By Rachel Andona
My broken heart.
Or broken arm. Same difference when your passion in life is fly fishing.
But let me go back to that beautiful, refreshing morning. It was winter in the valley and it was Christmas Eve. With all of the stress that comes along with Christmas festivities I needed a break, to get out, but all of our local rivers and ponds were frozen over. I decided to go for a run, to inhale the cold and refreshing air into my lungs and heat my muscles through exertion instead of from the excitement that comes with rising fish on the water’s surface.

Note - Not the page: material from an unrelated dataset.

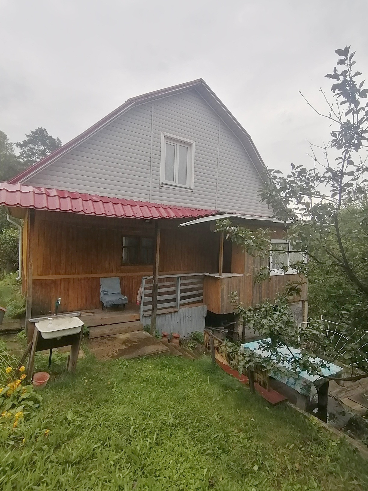Предлагаем к продаже Жилой дом с земельным участком в живописном месте. Дом 2х этажный, построен из бруса (не шпалы!), внутри обшит деревом, установлены пластиковые окна, на первом этаже небольшая веранда, кухня 12м2 и комната 30м2, на втором этаже комната 18м2. Отопление печное, в дом проведена вода, есть слив. Под домом есть гараж, площадка перед гаражом выложена плиткой. Хорошая, теплая банька, подведена вода. На участке имеется большая емкость для воды, посадки вишни, груши, яблони, в шаговой доступности родник. Рядом озера, речка, сосновый лес. Проезд круглый год, автобус, электричка. Возможна покупка с использованием материнского капитала и ипотеки. Продажа, документы готовы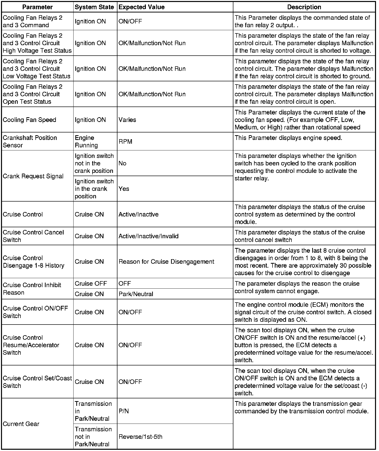 The Engine Control Module Scan Tool Data List contains all engine-related parameters that are available on the scan tool. The list is arranged in alphabetical order. A given parameter may appear in any one of the data lists, and in some cases may appear more than once, or in more than one data list in order to group certain related parameters together.

My adventure that day took me to, the aptly named, Old Freezeout Road. It was amazing. The sun was shining and reflecting off the snow on the hillside. The view from the top of the hill, looking down on our small valley community was breathtaking. I turned back to look at my friend and running partner, and that’s when it happened. It suddenly felt like the ground was slipping away from me but in reality it was me that was slipping away from the ground. I fell back and instinctively put my left hand back to protect my bum from taking all of the pressure of the fall. I felt it give way. I felt my wrist bend where shouldn’t bend. Even before the pain set in, I knew it was broken. A ride to the hospital, x-rays, lots of pain medicine, and a cast. It was broken in three places.
Jokes were made about it not being my casting arm. But it was my stripping hand, and it hurt. I could barely move my fingers let alone grip a fly line.
It seemed to become very cold and dreary outside suddenly and I couldn’t do the one thing I love the most (besides cuddling my children, of course). Fishing. Not to say that I’m very good at it, but I love it all the same. So I called my favorite fishing partner and I complained. A lot. He suggested I try a Tenkara rod. Problem solved, no line stripping. I thought about it, and after six weeks in a cast, I was willing to try anything so I said “OK, but what do I do when I catch a fish, I am still only one handed?”
His response will always resonate in my mind, and I may finally be able to chuckle about it when I am on death’s bed.
“Oh, Honey, you don’t catch fish… “
Rachel Andona is a TU member who lives in Emmett, Idaho. Contrary to the snarky opinion of her fishing buddy, she does, indeed, catch fish.